§ DATA SHOWN:
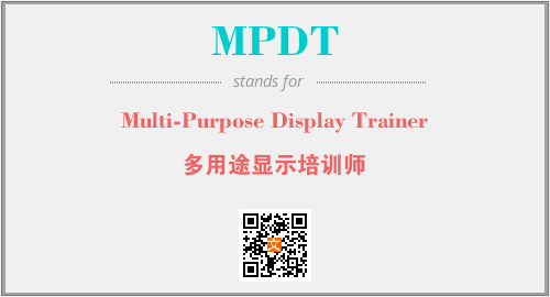 英文缩略词“MPDT”经常作为“Multi-Purpose Display Trainer”的英文缩写来使用,中文表示:“多用途显示培训师”。本文将详细介绍英文缩写词MPDT所代表英文单词,其对应的中文拼音、详细解释以及在英语中的流行度。此外,还有关于缩略词MPDT的分类、应用领域及相关应用示例等。
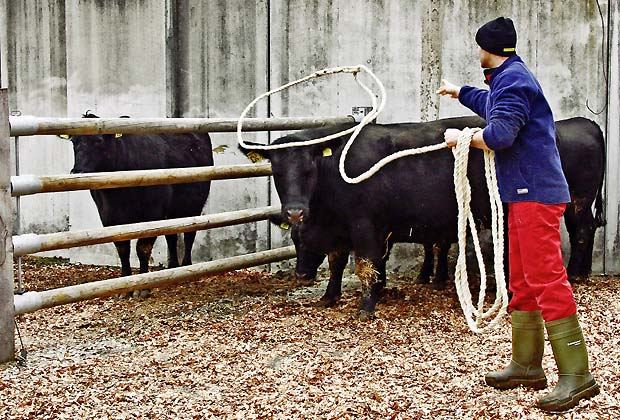 Auch müssen die Rinder an Menschen gewohnt sein. Sie liessen sich denn auch nicht gross aus der Ruhe bringen, als die Kursteilnehmer ihre Technik mit Wurfschlingen verfeinerten oder mehrmals ansetzen mussten, bis die Halfter perfekt sass und der Anbindeknoten hielt.
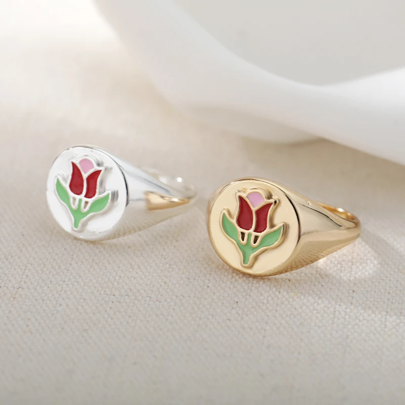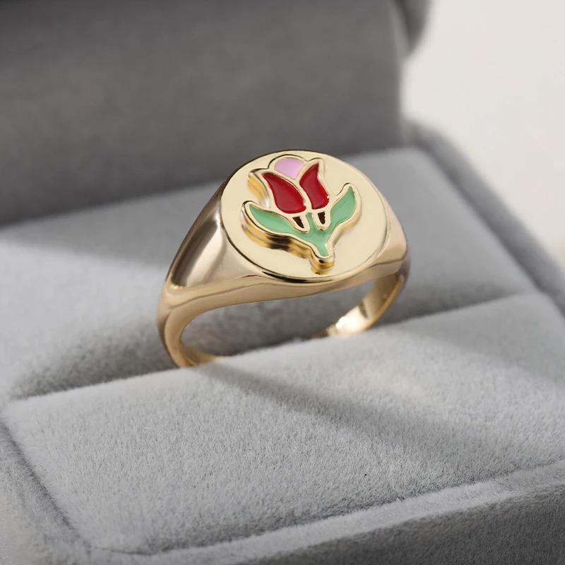 Красочные кольца для женщин милый маленький с ромашками, эмалированное в форме тюльпана от инь (железная Гуаньинь) Кольца Янг для девушек из нержавеющей стали счастливый день рождения, ювелирные изделия в качестве подарка
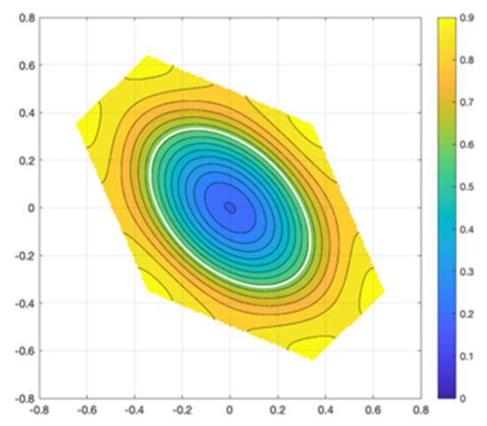 As an example illustration, we consider the single-epoch, dual-frequency, two-satellite GNSS geometry-free model [1]. The ambiguity bias vector under , propagated into the ambiguity residual , is denoted as . This bias vector is, like the ambiguity residual , confined to the origin-centered pull-in region of the integer ambiguity estimator. Hence, the domain of the power function is confined to this pull-in region as well, which, in case of ILS estimation, is a hexagon. Figure 5 shows, for when is chosen as the ILS estimator, the contour aligns with the color bar of the power function . It clearly shows how the power increases as the ambiguity bias vector moves away from the origin towards the edges of the ILS pull-in region.
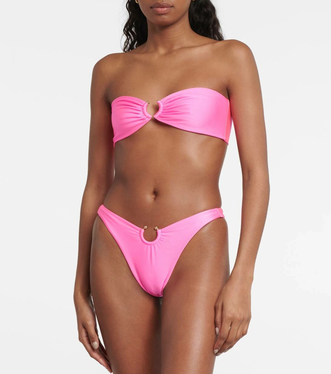 Same Los Angeles zeigt das klassische Bikini-Oberteil mit Bandeau-Ausschnitt in einem neuen edlen Look. Das Design verfügt über goldfarbene Hardware, ein Band zum Binden am Rücken und seitliche Stäbchen, die für einen guten Sitz und mehr Halt sorgen.
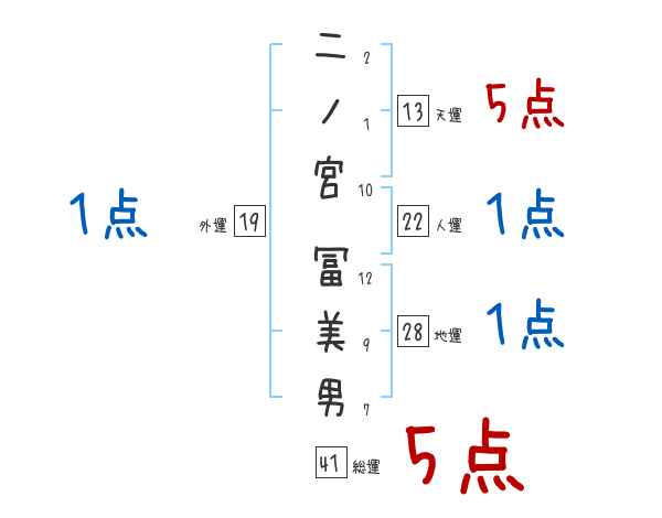 外運![]() | 二ノ宮冨美男さんの外運は19画の1つ星!優れた才能を持ちますが、協調性が足りないことも。周りの人と協力する事を意識しましょう。 生活面を象徴する運勢です。外部から受ける影響力を表し、結婚運、家庭運や職場、環境への順応性を表します。 |
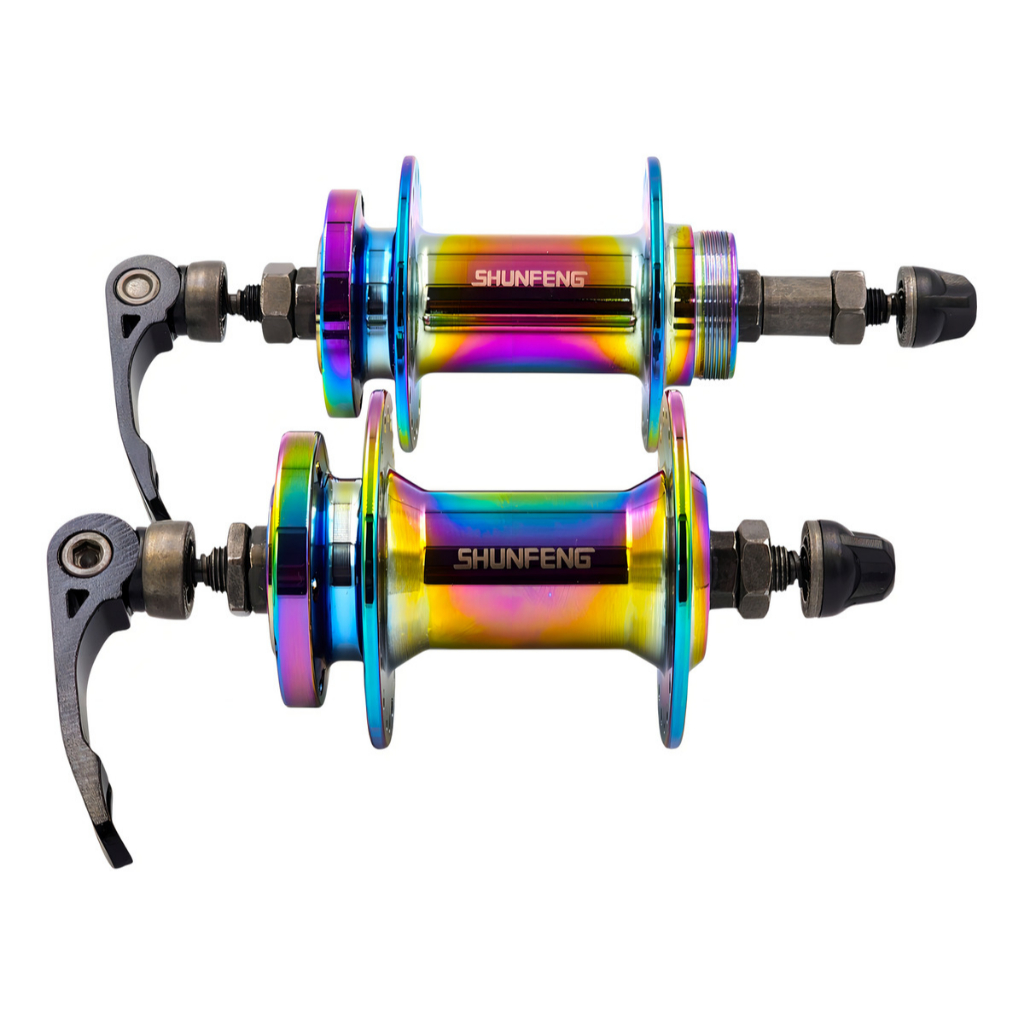KIT CUBOS E CATRACA 7V Adicione estilo e desempenho à sua bike com o Par de Cubos Shunfeng na incrível cor "Camaleão", que se destaca pela sua beleza única e arrojada. Características principais: Material premium: Fabricado em alumínio resistente e leve. Rolamento de esfera: Garante um giro suave e eficiente. Compatível com sistemas de roda livre. Freios a disco: Compatível com sistemas mecânicos ou hidráulicos. Padrão 36 furos (36f): Ideal para quem busca robustez e segurança. Eixo de blocagem: Para uma instalação prática e rápida. Peso: Cubo dianteiro: 260g | Cubo traseiro: 310g. Este par de cubos une design inovador e qualidade superior, sendo a escolha ideal para quem quer personalizar sua bicicleta com uma aparência moderna e um desempenho excepcional. CATRACA: Se você está em busca de um desempenho confiável e versátil para sua bicicleta, a roda livre de 7 velocidades na cor “Camaleão” é a escolha perfeita. Compatível com cubos de rosca, esta roda livre é fácil de instalar em sua bicicleta existente. Feita com aço de alta qualidade, ela é robusta e durável, pronta para enfrentar trilhas desafiadoras e aventuras ao ar livre. Características: Marca: ShunFeng Modelo: Roda livre 7V 14x34D - 7 velocidades; - 14x34t Escalonamento: 14-16-18-20-22-24-34 Peso aproximado: - 470g Material: - Aço

§ AIM OF THE TASK:
Return only the lines running from the start of the entries above to the line that contains "Красочные кольца для", inclusive, and omit every picture.

§ EXERCISE RESPONSE:
 英文缩略词“MPDT”经常作为“Multi-Purpose Display Trainer”的英文缩写来使用,中文表示:“多用途显示培训师”。本文将详细介绍英文缩写词MPDT所代表英文单词,其对应的中文拼音、详细解释以及在英语中的流行度。此外,还有关于缩略词MPDT的分类、应用领域及相关应用示例等。
 Auch müssen die Rinder an Menschen gewohnt sein. Sie liessen sich denn auch nicht gross aus der Ruhe bringen, als die Kursteilnehmer ihre Technik mit Wurfschlingen verfeinerten oder mehrmals ansetzen mussten, bis die Halfter perfekt sass und der Anbindeknoten hielt.
 Красочные кольца для женщин милый маленький с ромашками, эмалированное в форме тюльпана от инь (железная Гуаньинь) Кольца Янг для девушек из нержавеющей стали счастливый день рождения, ювелирные изделия в качестве подарка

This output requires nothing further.